Además, ambas interpretaciones adolecían de una caracterización política errónea de los Montoneros, que pronto adquiriría la categoría de mito. Se suponía que Abal Medina, Ramus, Firmenich y Maza seguían siendo los católicos de derechas que habían sido anteriormente, en los años sesenta, y que por lo tanto eran simpatizantes de Onganía. Los liberales subestimaban el dinamismo de la radicalización católica de los últimos años sesenta y no podían comprender que tantos jóvenes asiduos de la misa pudieran haber optado por la lucha armada. Así el “Aramburazo” dio a los Montoneros un nombre que se hizo familiar para todo el mundo y fue bien acogido por los peronistas, pero no aclaró por completo la identidad política de la organización.

El segundo objetivo, el de someter a Aramburu a la “justicia revolucionaria”, se logró, pero su impacto potencial no llegó a su máxima expresión debido a las restricciones de la libertad de prensa. Previendo ese problema, los Montoneros grabaron en cinta magnetofónica el “juicio”, pero más tarde, durante las represivas consecuencias del “Aramburazo”, quemaron las cintas como medida de seguridad. De acuerdo con su propia referencia de los hechos, las cintas habrían probado que Aramburu se reconocía responsable de haber legalizado los fusilamientos de 1956, la represión del Movimiento Peronista y la desaparición del cadáver de Eva Perón, al tiempo que se declaraba inocente de otros cargos. Según se comentaba, Aramburu, al ser interrogado, dijo, sin revelar detalles, que el cadáver de Evita se hallaba en un cementerio de Roma; entonces, los montoneros intentaron trocar los restos de su víctima por el de su “Abanderada de los Trabajadores”, hasta que el descubrimiento del cadáver del general el 16 de julio desbarató sus planes.

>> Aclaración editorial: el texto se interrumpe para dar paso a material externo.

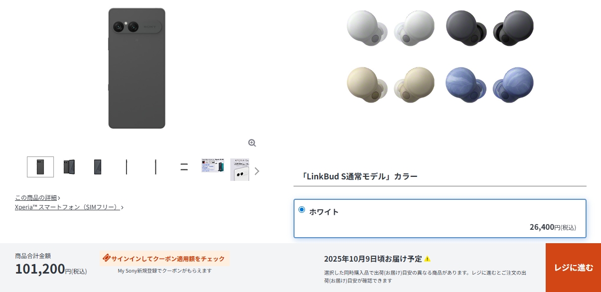 Xperia 10 VII(XQ-FE44)」の購入ページには、完全ワイヤレスイヤホンLinkBuds Sを同時購入できる。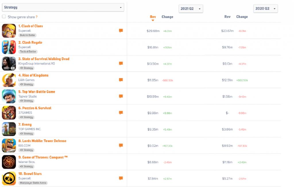 从具体的游戏产品来看,2020年11月至2021年10月期间,在美国市场收入最高的策略手游是IGG旗下SLG手游《王国纪元》,总收入达到3.3亿美元。其次是Supercell建造和战斗策略手游《部落冲突》,及FunPlus旗下SLG手游《State of Survival》。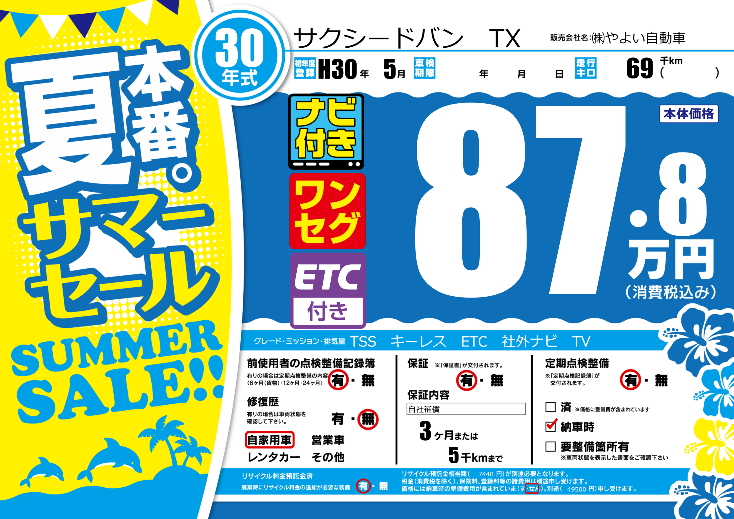 | 走行キロ | 6.9万km | 初年度登録 | H30年5月 |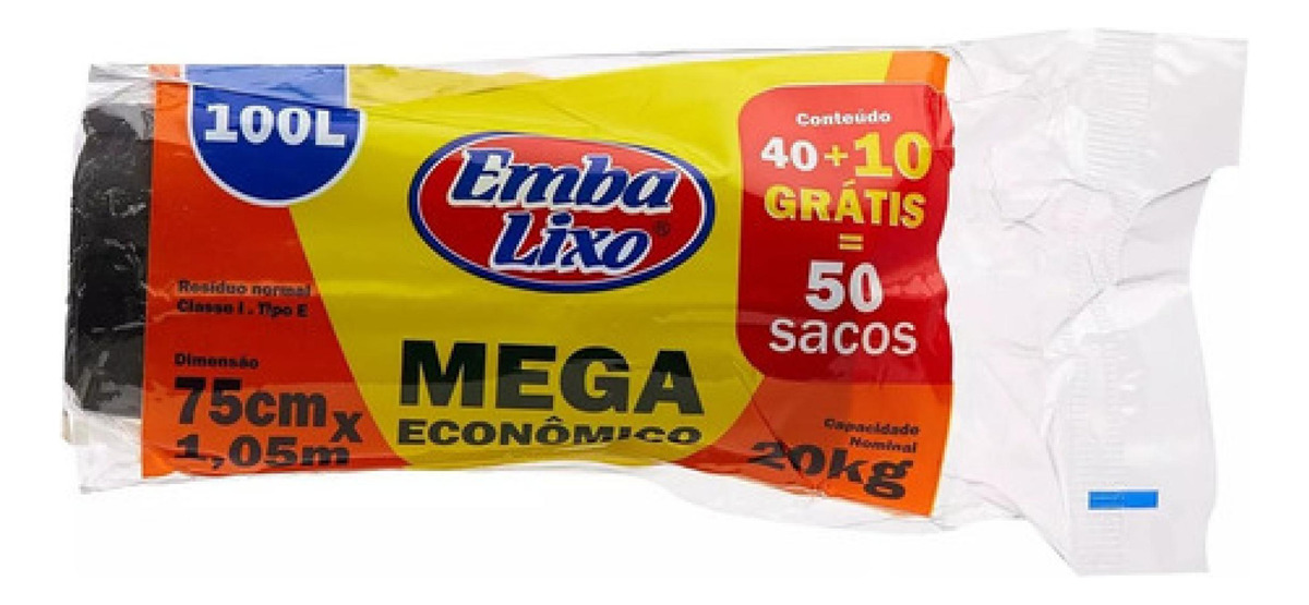 Saco De Lixo Embalixo Preto Econômico 50 Unidades 100 Litros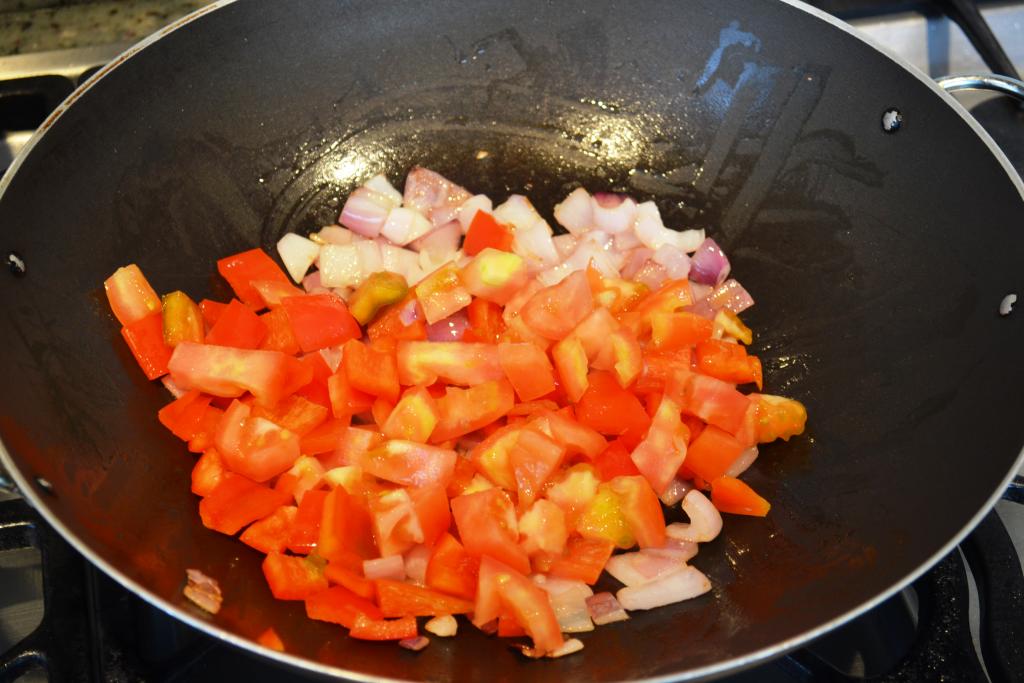 - Agregue el tomate, el pimenton, la paprika, el oregano, las hojas de laurel y el achiote. Cocine por 5 minutos adicionales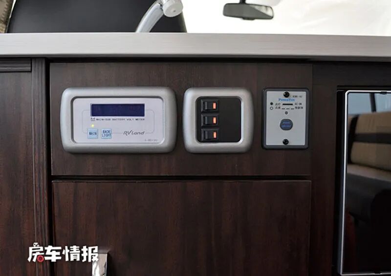 整车的电水路控制面板在进门处橱柜台面的下方,在这里可以随时观察整车的水电使用情况,并且始终显示子电池的电压,因此可以在控制电压的同时放心使用设备,也防止忘记关灯等,即使忘记关闭电源或使用过多的电量,也不必担心,因为全车配备的子电池具有电池保护装置,充电效率良好,并且可以长时间使用。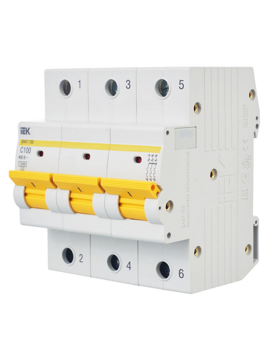 Автоматический выключатель IEK KARAT ВА47-150 3Р 100А 15кА х-ка C MVA50-3-100-C по цене 5 564 руб. с фотографией и техническими характеристиками. Для покупки товара нажмите кнопку "Купить" и перейдите в корзину или позвоните по телефону 8 (495) 585 32 60 или 8 (800) 222 23 53.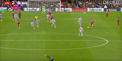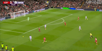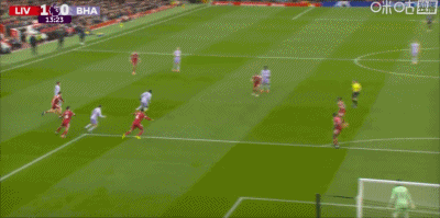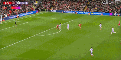 第60分鐘,薩拉赫角球助攻,埃基蒂克頭球完成梅開二度!利物浦2-0領先佈萊頓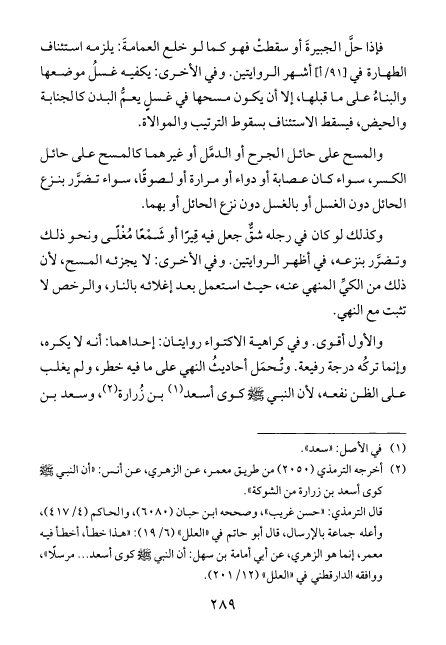 وكذلك لو كان في رجله شقٌّ جعل فيه قِيرًا أو شَمْعًا مُغْلًى ونحو ذلك وتضرَّر بنزعه، في أظهر الروايتين. وفي الأخرى: لا يجزئه المسح، لأن ذلك من الكيِّ المنهي عنه، حيث استعمل بعد إغلائه بالنار، والرخص لا تثبت مع النهي.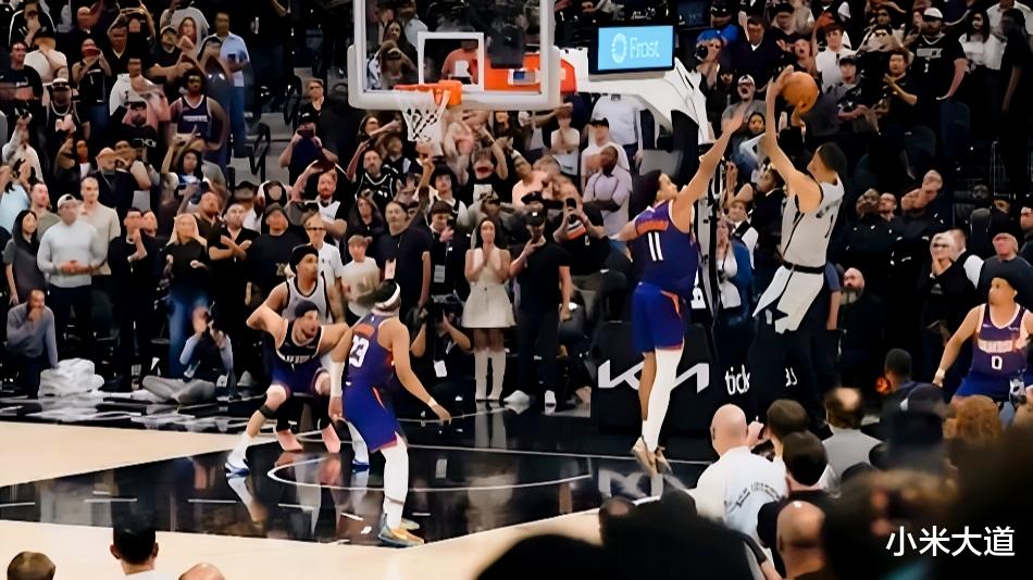 防守端,他的臂展像‘禁飞区的围栏’:太阳队的每一次内线进攻,都要先看看文班亚马的位置——他全场3次抢断,1次盖帽,让太阳队的命中率下降了8%。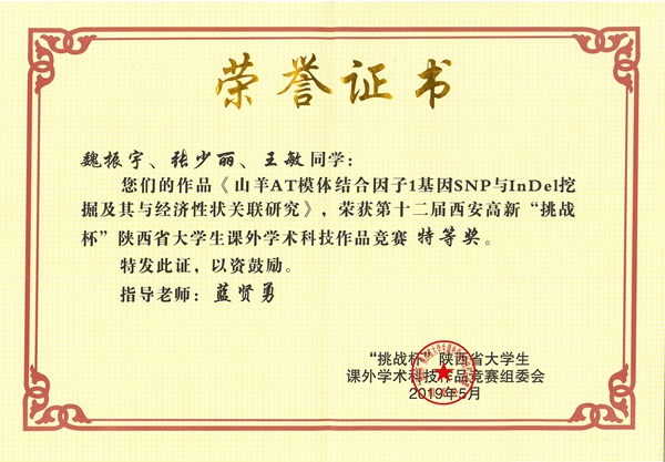 5月25-28日,第十二届陕西省 “挑战杯”大学生课外学术科技作品竞赛终审决赛在西北工业大学长安校区举行,大赛由团省委、省科协、省科技厅等多家单位共同主办,西北工业大学承办。av在线本科生魏振宇团队(动科1501班魏振宇、创新1501班张少丽、动科1605班王敏)凭借作品“山羊AT模体结合因子基因SNP与InDel挖掘及其与经济性状关联研究”在终审决赛中荣获“特等奖”,将代表我校参加“挑战杯”国家级竞赛。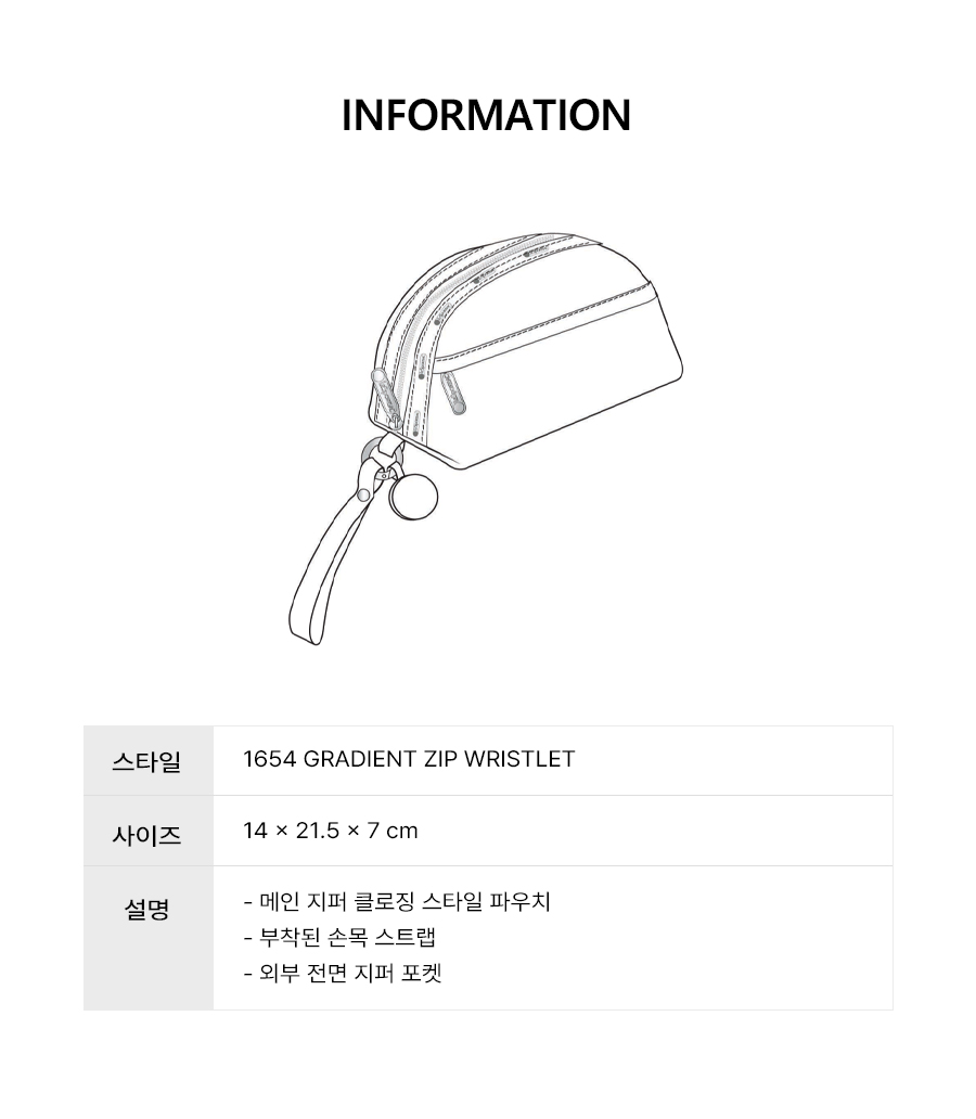 - 메인 지퍼 클로징 스타일 파우치 - 부착된 손목 스트랩 - 외부 전면 지퍼 포켓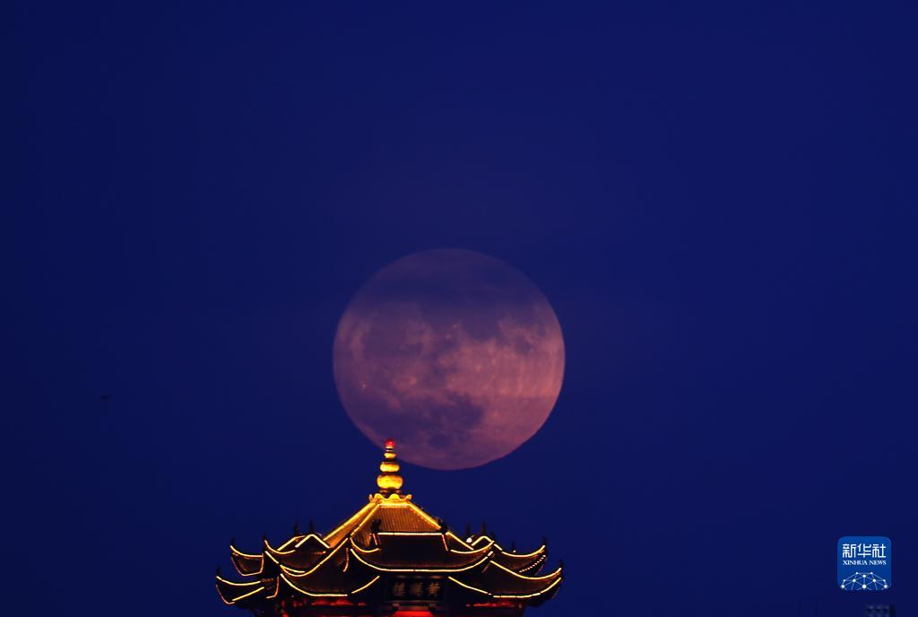 7月13日在武汉黄鹤楼附近拍摄的“超级月亮”。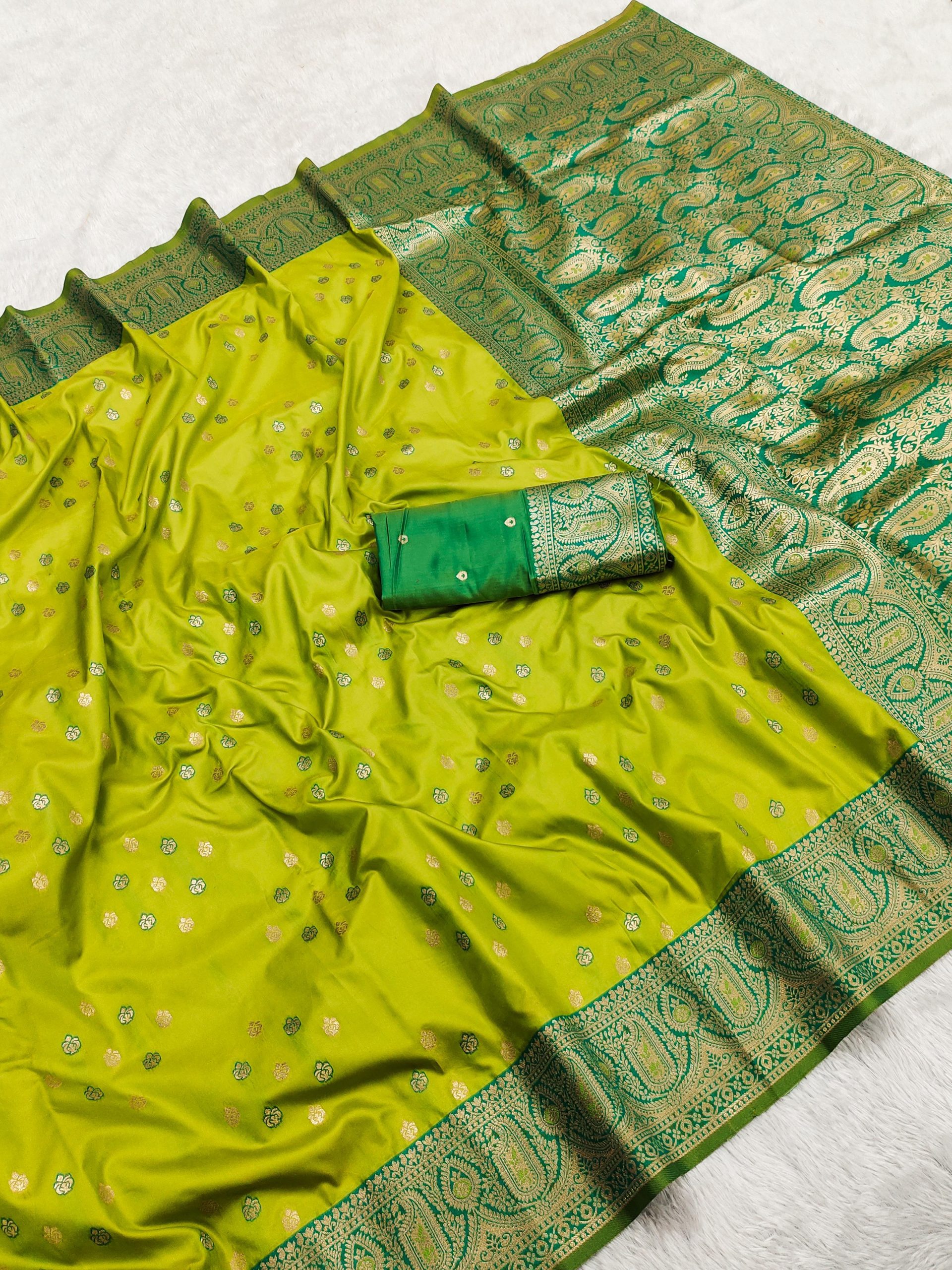 Saree :- Rich Banarasi silk saree with golden butta motifs, complemented by an intricate and gold zari border and pallu featuring paisley designs.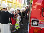 青葉消防署元石川出張所の消防士さんが3年生社会科の学習のために来てくださいました。消防士が来ている銀色の防火服やホースを実際に持たせてもらい、「私の弟ぐらいあるかも」とその重さにびっくりしていました。水消火器での消火訓練もしました。私たちの町を守ってくれる消防士の皆さんのすごさを感じました。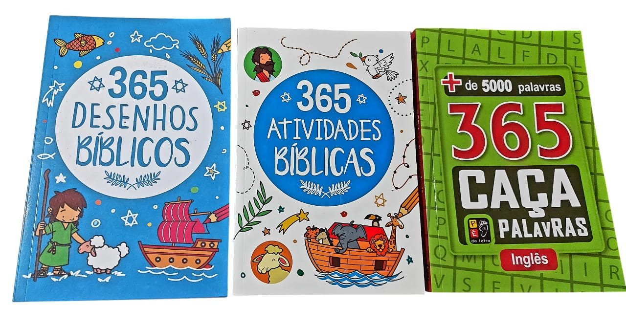 Kit com 3 Livros, 365 Desenhos Bíblicos para Colorir, 365 Atividades Bíblicas para Responder, 365 Caça palavras em Inglês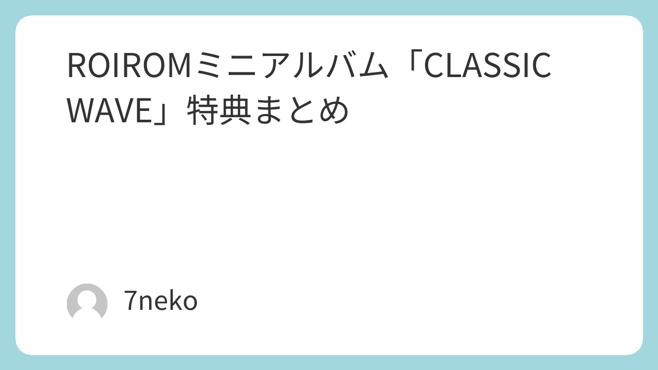 ROIROMミニアルバム「CLASSIC WAVE」特典まとめ

Fue encontrado en la estancia, enterrado en un sótano, antiguo almacén de las armas robadas en el Tiro Federal de Córdoba en febrero de 1969.

Finalmente, los Montoneros consiguieron cierto grado de éxito en la búsqueda de su tercer objetivo. Onganía, contra quien se alzaban con creciente estridencia las voces de los militares desde el “Cordobazo”, fue depuesto por los altos mandos militares sólo diez días después de que el “Aramburazo” sacudiera a Argentina. Su sustituto, el general Roberto Levingston, ex jefe del Servicio de Información del Ejército, pronto perdería, a su vez, la confianza de los oficiales más lúcidos. La ambición de Levingston, de prolongar la “revolución argentina” durante otros tres o cuatro años, unida al hecho de que sólo estaba dispuesto a consultar “corrientes de opinión”, en vez de volver a legalizar los partidos y avenirse a un arreglo con Perón y con Balbín, líder de la UCR, pasó por alto la amenazadora realidad de la amplia hostilidad pública hacia los militares y el creciente faccionalismo militar. El plan de Aramburu de una retirada militar y de la celebración de elecciones para aislar a las guerrillas no se logró cumplidamente hasta la sustitución de Levingston por el general Alejandro Lanusse en marzo de 1971. Los partidos políticos volvieron a ponerse legalmente en funcionamiento al cabo de un mes. Los Montoneros, pues, habían ayudado a desestabilizar al régimen militar, pero con su primer acto público sólo aplazaron los intentos de darle una alternativa civil reformista”.